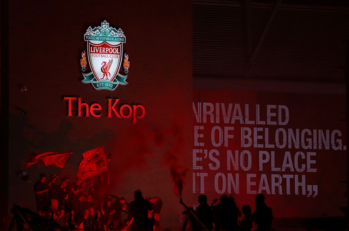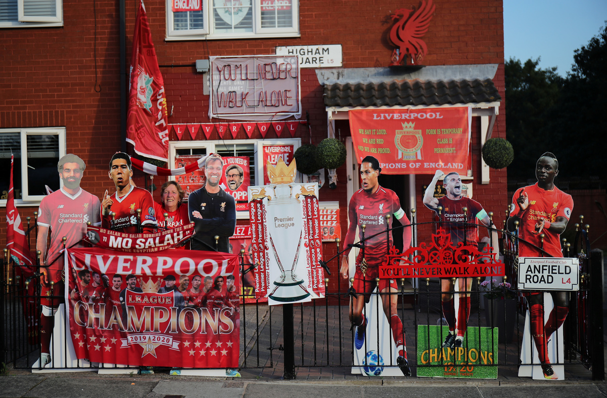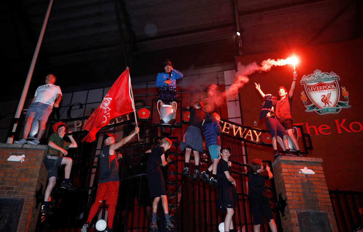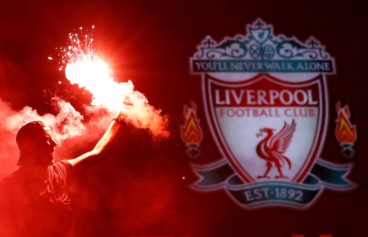 Soccer Football - Premier League - Liverpool could win Premier League if Manchester city drop points against Chelsea - Liverpool, Britain - June 25, 2020 Liverpool fans celebrate with flares outside Anfield after Chelsea scored their second goal in their match against Manchester City REUTERS/Phil Noble Soccer Football - Premier League - Liverpool fans celebrate winning the Premier League - Liverpool, Britain - June 25, 2020 Liverpool fans celebrate winning the Premier League outside Anfield with flares after Chelsea won their match against Manchester City Action Images via Reuters/Molly DarlingtonSoccer Football - Liverpool fans celebrate winning the Premier League - Liverpool, Britain - June 25, 2020 Liverpool fans celebrate winning the Premier League outside Anfield with flares after Chelsea won their match against Manchester City Action Images via Reuters/Carl RecineSoccer Football - Liverpool fans celebrate winning the Premier League - Liverpool, Britain - June 25, 2020 Liverpool fans celebrate winning the Premier League outside Anfield after Chelsea won their match against Manchester City Action Images via Reuters/Carl RecineSoccer Football - Premier League - Liverpool could win the Premier League if Manchester City drop points against Chelsea - Liverpool, Britain - June 25, 2020 Flags, scarves and cutout photos of Liverpool players, Liverpool manager Juergen Klopp and the Premier League trophy are seen outside the house of Liverpool fan Emily Farley Action Images via Reuters/Molly DarlingtonFILE PHOTO: Soccer Football - Champions League - Round of 16 Second Leg - Liverpool v Atletico Madrid - Anfield, Liverpool, Britain - March 11, 2020 Liverpool's Georginio Wijnaldum celebrates scoring their first goal Action Images via Reuters/Carl RecineFILE PHOTO: Soccer Football - Premier League - Liverpool v Crystal Palace - Anfield, Liverpool, Britain - June 24, 2020 Liverpool manager Juergen Klopp before the match, as play resumes behind closed doors following the outbreak of the coronavirus disease (COVID-19) Shaun Botterill/Pool via REUTERS
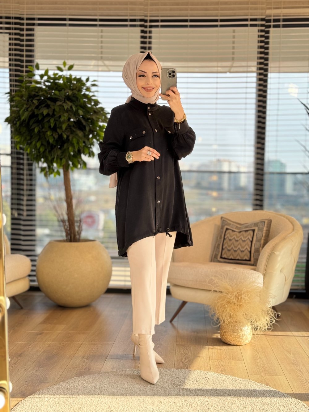25K6007 Ön Ve Cep Kapağı Çıtçıtlı Kap Siyah
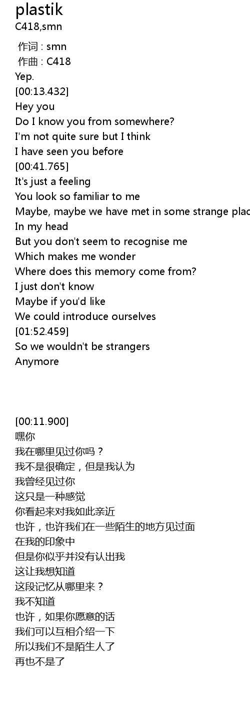 | [02:03.364] | So we wouldn't be strangers |
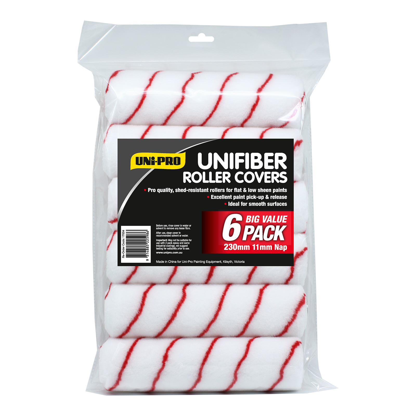 Uni-Pro 230mm Unifiber Roller Covers 11mm Nap 6 Pack 17004
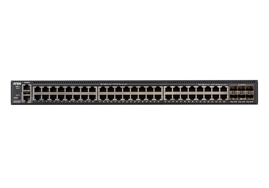 Aten ES0154P - 54-портовый гигабитный управляемый сетевой коммутатор уровня 2+ модели ES0154P идеально подходит для совместной установки с продуктами компании ATEN линейки KVM с доступом по IP, упрощая процесс построения инфраструктуры операционных технологий и избавляя от сложной настройки. Обладая высокопроизводительной конфигурацией с 54 портами, полным набором функций L2+ и расширенными функциями, включая статический маршрут уровня 3, DHCP-сервер, поддержку IPv6 и LLDP, он является универсальным решением для повышения производительности сети. Для соответствия широкому спектру сетевых потребностей он обладает комбинацией портов SFP28 (оптоволокно) и RJ-45 (медь).
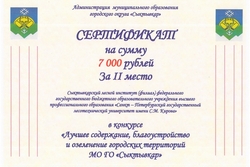 Сквер СЛИ стал серебряным призером конкурса на лучшее содержание, благоустройство и озеленение городской территории. Институт удостоен Диплома II степени и денежного сертификата, которые мэр столицы Иван Поздеев вручил вчера на общегородской планерке заместителю директора по учебной и научной работе Любови Гурьевой.
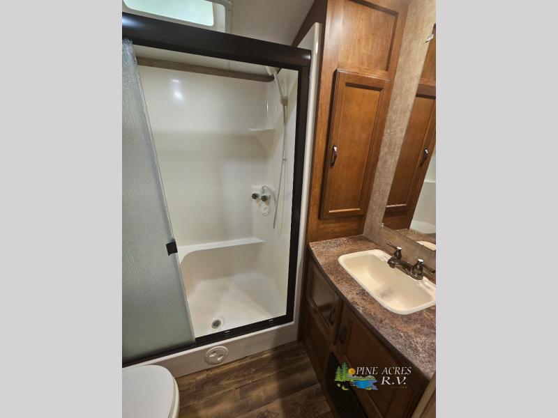As you proceed toward the front of the trailer, the bathroom is on the left. Inside the bathroom there is a toilet, shower with seat, linen cabinet, and sink.
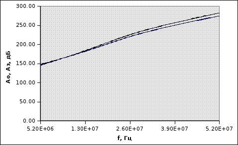 Рис. 9.1 Частотная зависимость переходного затухания на ближнем конце Ао и защищенности на дальнем конце Аз на длине регенерационного участка. В таблицу 1 сведены все рассчитанные параметры передачи и взаимного влияния цепей коаксиального кабеля.

** PROBLEM STATEMENT **
Could you output the full set of entries exactly, skipping every picture?

** EXPECTED ANSWER **
 Soccer Football - Premier League - Liverpool could win Premier League if Manchester city drop points against Chelsea - Liverpool, Britain - June 25, 2020 Liverpool fans celebrate with flares outside Anfield after Chelsea scored their second goal in their match against Manchester City REUTERS/Phil Noble Soccer Football - Premier League - Liverpool fans celebrate winning the Premier League - Liverpool, Britain - June 25, 2020 Liverpool fans celebrate winning the Premier League outside Anfield with flares after Chelsea won their match against Manchester City Action Images via Reuters/Molly DarlingtonSoccer Football - Liverpool fans celebrate winning the Premier League - Liverpool, Britain - June 25, 2020 Liverpool fans celebrate winning the Premier League outside Anfield with flares after Chelsea won their match against Manchester City Action Images via Reuters/Carl RecineSoccer Football - Liverpool fans celebrate winning the Premier League - Liverpool, Britain - June 25, 2020 Liverpool fans celebrate winning the Premier League outside Anfield after Chelsea won their match against Manchester City Action Images via Reuters/Carl RecineSoccer Football - Premier League - Liverpool could win the Premier League if Manchester City drop points against Chelsea - Liverpool, Britain - June 25, 2020 Flags, scarves and cutout photos of Liverpool players, Liverpool manager Juergen Klopp and the Premier League trophy are seen outside the house of Liverpool fan Emily Farley Action Images via Reuters/Molly DarlingtonFILE PHOTO: Soccer Football - Champions League - Round of 16 Second Leg - Liverpool v Atletico Madrid - Anfield, Liverpool, Britain - March 11, 2020 Liverpool's Georginio Wijnaldum celebrates scoring their first goal Action Images via Reuters/Carl RecineFILE PHOTO: Soccer Football - Premier League - Liverpool v Crystal Palace - Anfield, Liverpool, Britain - June 24, 2020 Liverpool manager Juergen Klopp before the match, as play resumes behind closed doors following the outbreak of the coronavirus disease (COVID-19) Shaun Botterill/Pool via REUTERS
25K6007 Ön Ve Cep Kapağı Çıtçıtlı Kap Siyah
 | [02:03.364] | So we wouldn't be strangers |
 Uni-Pro 230mm Unifiber Roller Covers 11mm Nap 6 Pack 17004
 Aten ES0154P - 54-портовый гигабитный управляемый сетевой коммутатор уровня 2+ модели ES0154P идеально подходит для совместной установки с продуктами компании ATEN линейки KVM с доступом по IP, упрощая процесс построения инфраструктуры операционных технологий и избавляя от сложной настройки. Обладая высокопроизводительной конфигурацией с 54 портами, полным набором функций L2+ и расширенными функциями, включая статический маршрут уровня 3, DHCP-сервер, поддержку IPv6 и LLDP, он является универсальным решением для повышения производительности сети. Для соответствия широкому спектру сетевых потребностей он обладает комбинацией портов SFP28 (оптоволокно) и RJ-45 (медь).
 Сквер СЛИ стал серебряным призером конкурса на лучшее содержание, благоустройство и озеленение городской территории. Институт удостоен Диплома II степени и денежного сертификата, которые мэр столицы Иван Поздеев вручил вчера на общегородской планерке заместителю директора по учебной и научной работе Любови Гурьевой.
As you proceed toward the front of the trailer, the bathroom is on the left. Inside the bathroom there is a toilet, shower with seat, linen cabinet, and sink.
 Рис. 9.1 Частотная зависимость переходного затухания на ближнем конце Ао и защищенности на дальнем конце Аз на длине регенерационного участка. В таблицу 1 сведены все рассчитанные параметры передачи и взаимного влияния цепей коаксиального кабеля.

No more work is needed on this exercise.